» DATA IN THIS EXERCISE
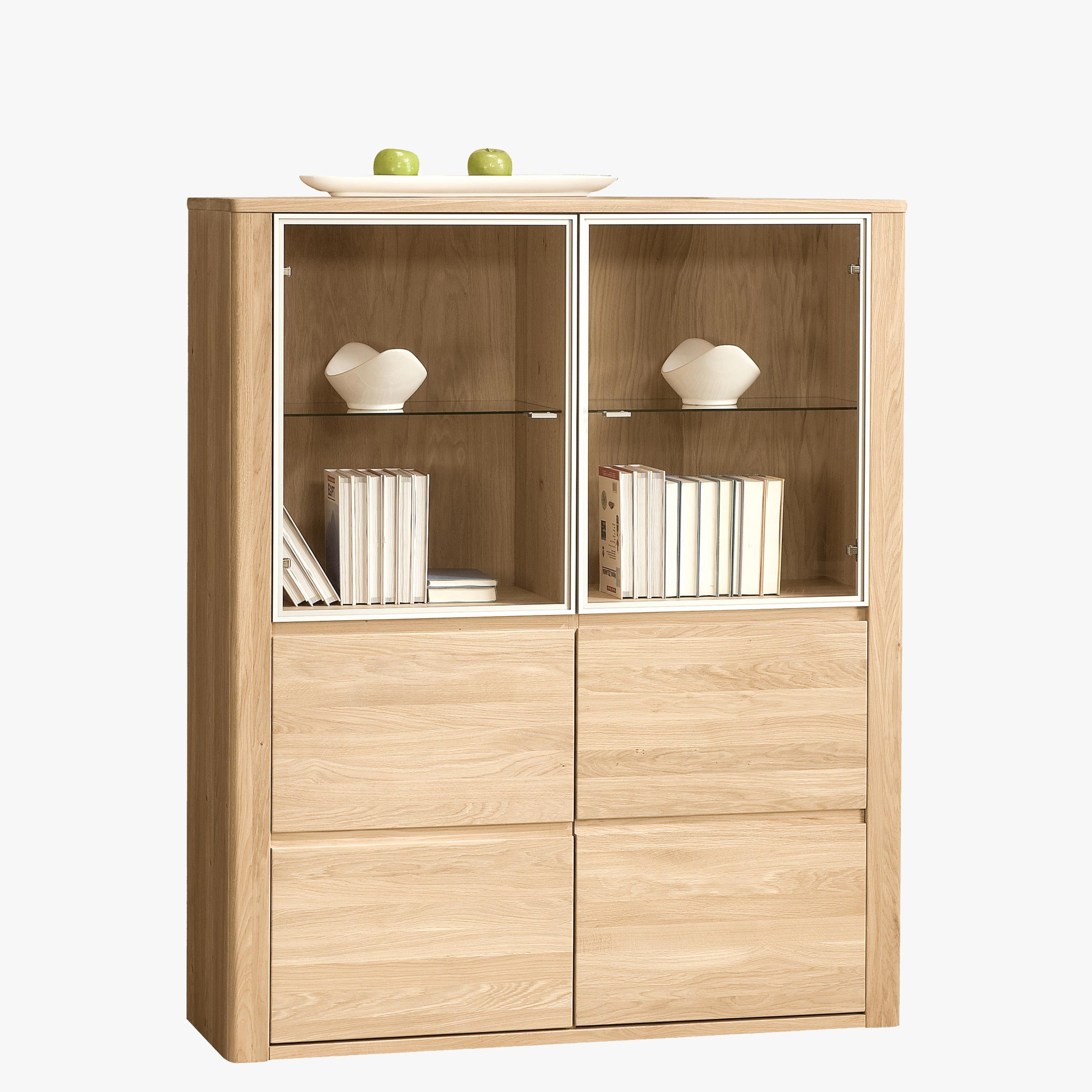 Luxuriöse Vitrine aus massivem Eichenholz in Kombination mit Eichfurnier, die Sie mit ihrer präzise ausgearbeiteten und modernen Gestaltung verzaubert, die zudem mit dem Diamanten des Möbelhandwerks 2013 ausgezeichnet wurde. Die Vitrine ist zur Hälfte mit Glastüren und zur anderen mit Holztüren geteilt.
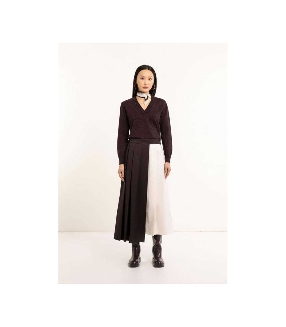 Suéter en tejido punto de lurex, en color negro, cuello de pico y dos aberturas laterales en la terminación del bajo, de la marca italiana Maria Bellentani.
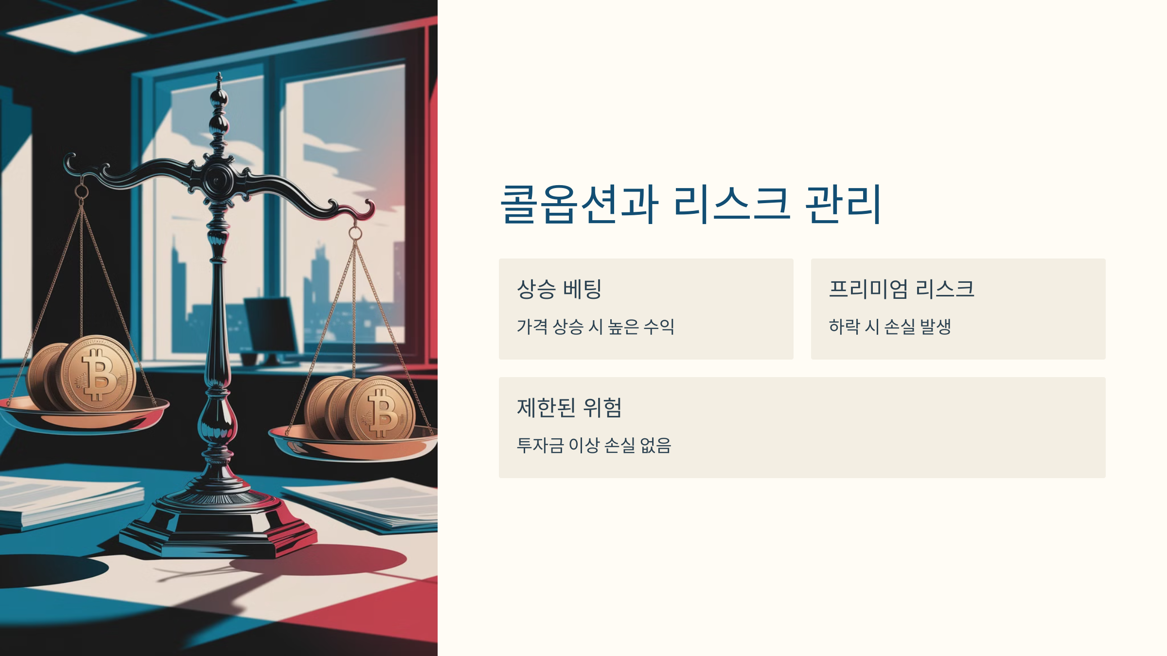 | 3. 콜옵션의 리스크는 무엇인가요? | 콜옵션은 리플 가격 상승 시 높은 수익을 기대하지만, 하락 시 프리미엄을 잃을 위험이 있습니다. |
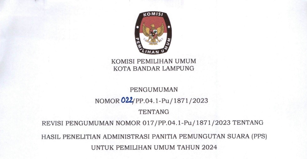 Revisi Pengumuman Hasil Penielitian Administrasi Calon PPS Pemilu Tahun 2024
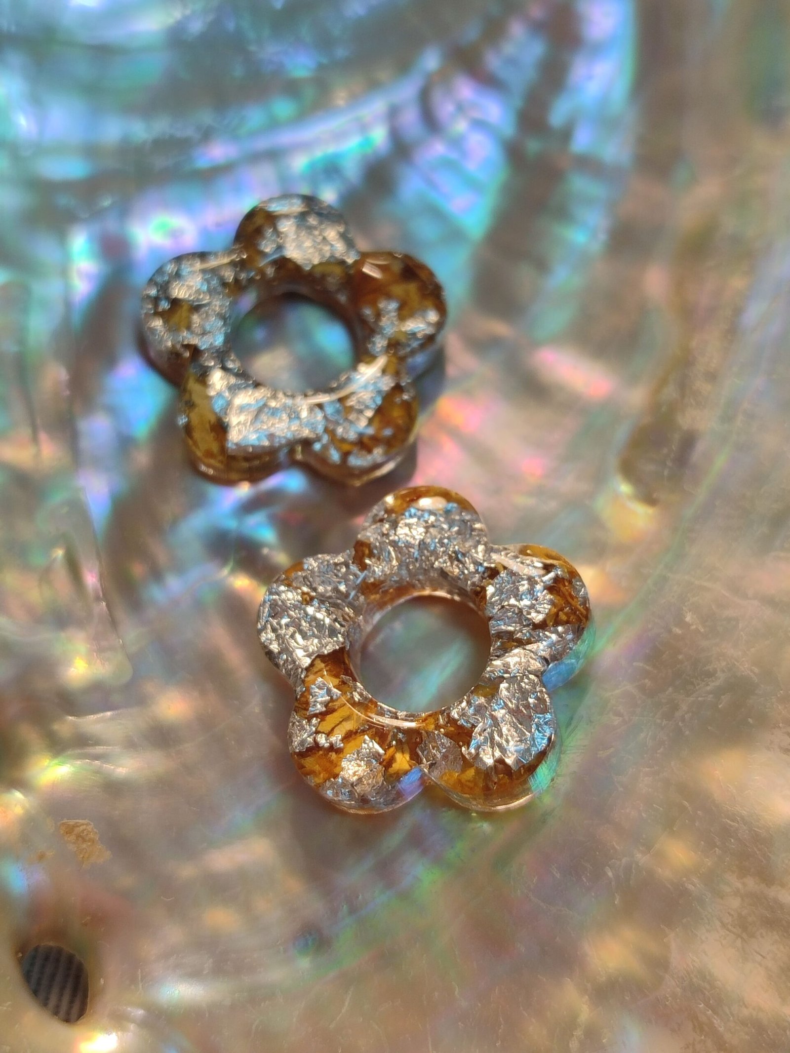 • Uso acero inoxidable en mis creaciones para evitar posibles alergias, no para que las piezas sean mojadas. La resina y las flores no se llevan bien con el agua, así que has de evitar ducharte con ellas. Por descontado, si vas a la playa, a la piscina, mejor deja tus florecitas en casa.
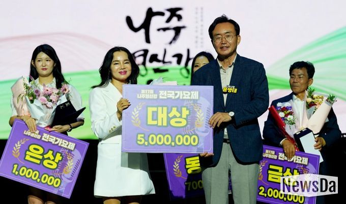 뉴스다 최광묵 기자 | ‘2025 나주영산강축제’ 국민참여 프로그램중 하나인 ‘제17회 나주 영산강 전국 가요제’에서 천년학(김용림)을 열창한 장성희 씨(광주광역시)가 영예의 대상을 차지해 부상으로 상금 500만 원을 수여 받았다.

» WORK ITEM
Only the lines from the first line of the listing above through the line with "위험이 있습니다. |" should be set down, exactly and without pictures.

» RESULT FOR THIS TASK
 Luxuriöse Vitrine aus massivem Eichenholz in Kombination mit Eichfurnier, die Sie mit ihrer präzise ausgearbeiteten und modernen Gestaltung verzaubert, die zudem mit dem Diamanten des Möbelhandwerks 2013 ausgezeichnet wurde. Die Vitrine ist zur Hälfte mit Glastüren und zur anderen mit Holztüren geteilt.
 Suéter en tejido punto de lurex, en color negro, cuello de pico y dos aberturas laterales en la terminación del bajo, de la marca italiana Maria Bellentani.
 | 3. 콜옵션의 리스크는 무엇인가요? | 콜옵션은 리플 가격 상승 시 높은 수익을 기대하지만, 하락 시 프리미엄을 잃을 위험이 있습니다. |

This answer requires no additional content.